Exercise prompt: Could you repeat the listing exactly, leaving out the pictures?

═════ Supplied data ═════

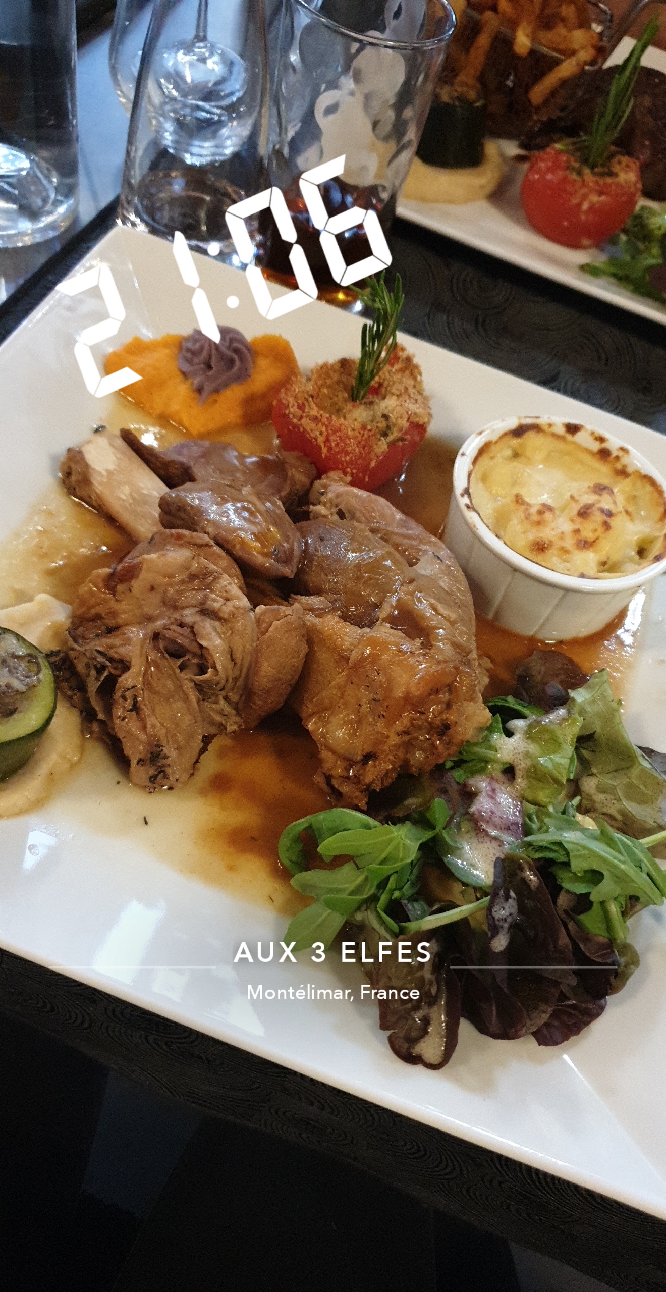 Fraîchement arrivé dans Montélimar centre à vélo, nous avons été refusés à plusieurs reprises par des restaurants complets (il était 13h20)... Heureusement les 3 elfes ont accepté notre visite. Une serveuse agréable, un menu du jour complet à 16€ et un service rapide sont tous les ingrédients nécessaires à la réussite d'un repas bien mérité. Des plus le poisson était frais, ferme et délicieux. Je recommande vivement cet établissement.
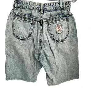 This Canvas Cut-Off denim shorts are designed for unisex adults and come with a waist size of 26 inches. The shorts feature a loose fit with a high rise greater than 10.5 inches, and an inseam of 9 inches. Made from acid wash denim, they have a classic 5-pocket styling with a zip closure. Ideal for casual summer occasions, these vintage shorts are pre-owned and do not have a tag. Keywords: Canvas, denim shorts, unisex, acid wash, vintage, loose fit, high rise, 5-pocket, summer, casual, pre-owned, no tag.
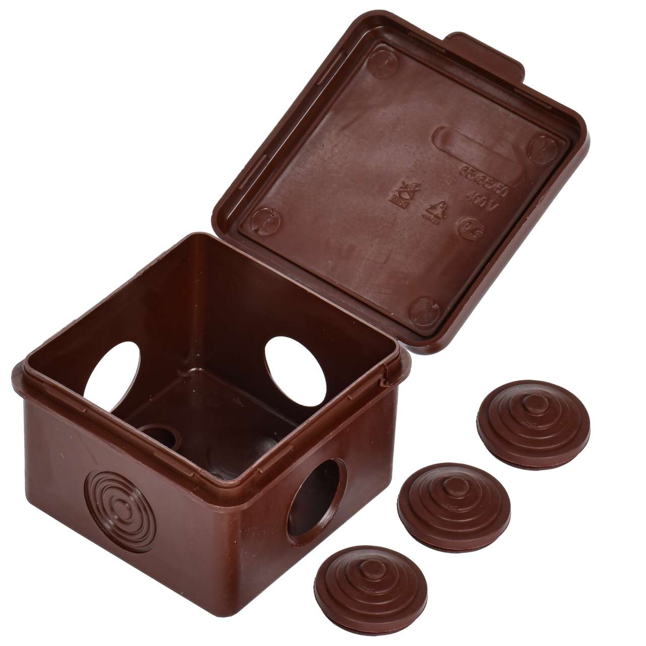 ОформитьКоробка распаячная КМ для открытой проводки с откидной крышкой 65х65х50мм IP54 4 гермоввода дуб IEK
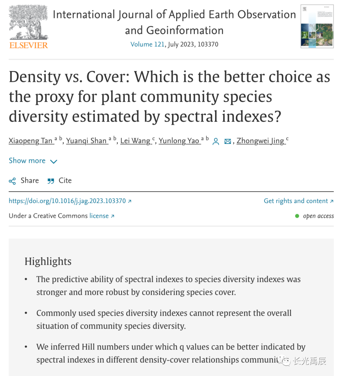 [1] 论文信息:Tan, X., Shan, Y., Wang, L., Yao, Y., Jing, Z., 2023. Density vs. Cover: Which is the better choice as the proxy for plant community species diversity estimated by spectral indexes? International Journal of Applied Earth Observation and Geoinformation 121, 103370. doi: https://doi.org/10.1016/j.jag.2023.103370.

═════

Response to the exercise:
 Fraîchement arrivé dans Montélimar centre à vélo, nous avons été refusés à plusieurs reprises par des restaurants complets (il était 13h20)... Heureusement les 3 elfes ont accepté notre visite. Une serveuse agréable, un menu du jour complet à 16€ et un service rapide sont tous les ingrédients nécessaires à la réussite d'un repas bien mérité. Des plus le poisson était frais, ferme et délicieux. Je recommande vivement cet établissement.
 This Canvas Cut-Off denim shorts are designed for unisex adults and come with a waist size of 26 inches. The shorts feature a loose fit with a high rise greater than 10.5 inches, and an inseam of 9 inches. Made from acid wash denim, they have a classic 5-pocket styling with a zip closure. Ideal for casual summer occasions, these vintage shorts are pre-owned and do not have a tag. Keywords: Canvas, denim shorts, unisex, acid wash, vintage, loose fit, high rise, 5-pocket, summer, casual, pre-owned, no tag.
 ОформитьКоробка распаячная КМ для открытой проводки с откидной крышкой 65х65х50мм IP54 4 гермоввода дуб IEK
 [1] 论文信息:Tan, X., Shan, Y., Wang, L., Yao, Y., Jing, Z., 2023. Density vs. Cover: Which is the better choice as the proxy for plant community species diversity estimated by spectral indexes? International Journal of Applied Earth Observation and Geoinformation 121, 103370. doi: https://doi.org/10.1016/j.jag.2023.103370.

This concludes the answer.